= Draft Ukrainian orthography of 2003 =

The Draft Ukrainian orthography of 2003 (Проєкт українського правопису 2003 року) was developed under the leadership of Academician of the National Academy of Sciences of Ukraine Vitalii Rusanivskyi by a group of members of the current Ukrainian National Commission on Orthography at the Ministry of Education and Science of Ukraine and the National Academy of Sciences of Ukraine. Authors of the draft: Vitalii Rusanivskyi (scientific editor), Bohdan Azhniuk, Svitlana Yermolenko, Natalia Nepyivoda, Oleksand Taranenko, Larysa Shevchenko and Larysa Shevchenko. Editing and computer processing of the text were performed by the Ukrainian Language and Information Fund of the National Academy of Sciences of Ukraine. Published in small editions in the Scientific and Publishing Center of the NBU. VI Vernadsky.

The project's proposals differ from others (Draft Ukrainian orthography of 1999, I. Yushchuk's Draft Spelling 2008) by their conservative attitude towards the current linguistic norm. It is not proposed to introduce intervocalic sounds (проект, діалектика), the optionality of the letter ґ is preserved (§§ 87-88), і- remains at the beginning of Ukrainian words (§ 3: інший, інколи), it is not proposed to write the word "пів" separately (§ 26: піваркуша, півгодини, пів'яблука, пів-Києва), in the nouns of the third declension is stored -і and so on.

The project pays considerable attention to streamlining the rules for the transfer of foreign and borrowed words.

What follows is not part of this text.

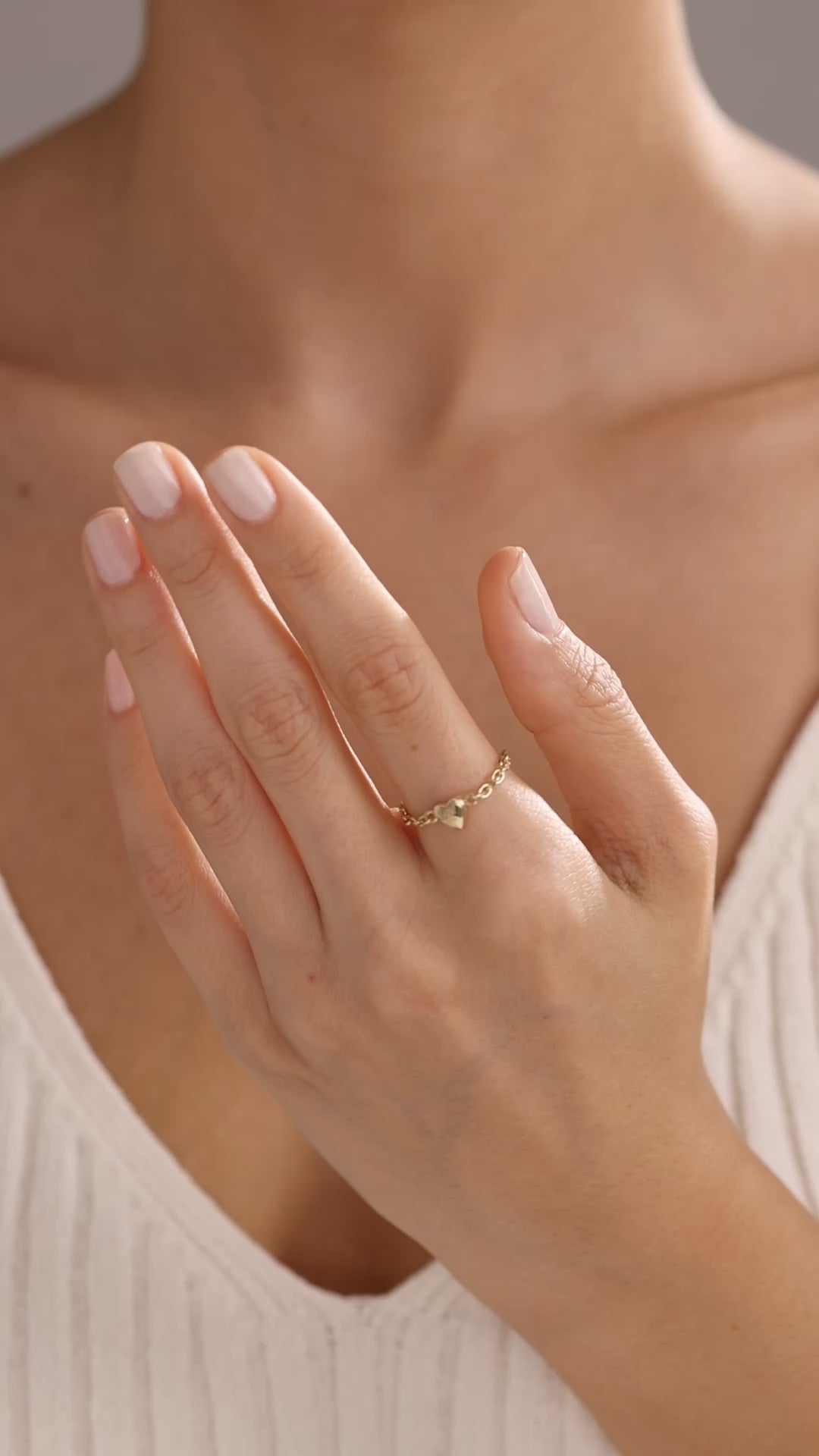 A delicate 14K solid gold ring featuring a dainty heart charm on a fine chain band. Perfect for everyday wear, stacking, or gifting to someone special.

In particular, the doubling of consonants (in § 91 it is proposed to keep the doubling in infinitive words of Italian origin: барокко, стакатто, лібретто), the distinction of sounds I, Y (in §§ 92-93 in foreign proper names, and personal names and geographical names, is proposed to write -и- only after ж (дж), ч (щ), ш, with a few exceptions, which cancels the changes of the 1993 edition and returns the spelling: Ціцерон, Лейпціг, Корсіка, Сіракузи, Цюріх, Сан-Франціско, Цінціннаті, Оріноко, Рів'єра), transmission of foreign diphthongs (§§ 101-102), non-cancellation of words of foreign origin to vowels (§ 103). The project proposes to traditionally keep -й- in the position between vowels in proper names: "Гойя, Майя, Мейєрхольд, Німейєр, Тайюань, Фейєрбах, (Омар) Хайям, Хейєрдал and some others."

The draft did not become a valid spelling.

== Draft text ==

- Ukrainian orthography: draft / Vitalii Rusanivskyi and others; Ukrainian National Commission on Spelling. — K.: Scientific and Publishing Center of the NBU. Vernadskyi, 2003. - 168 p.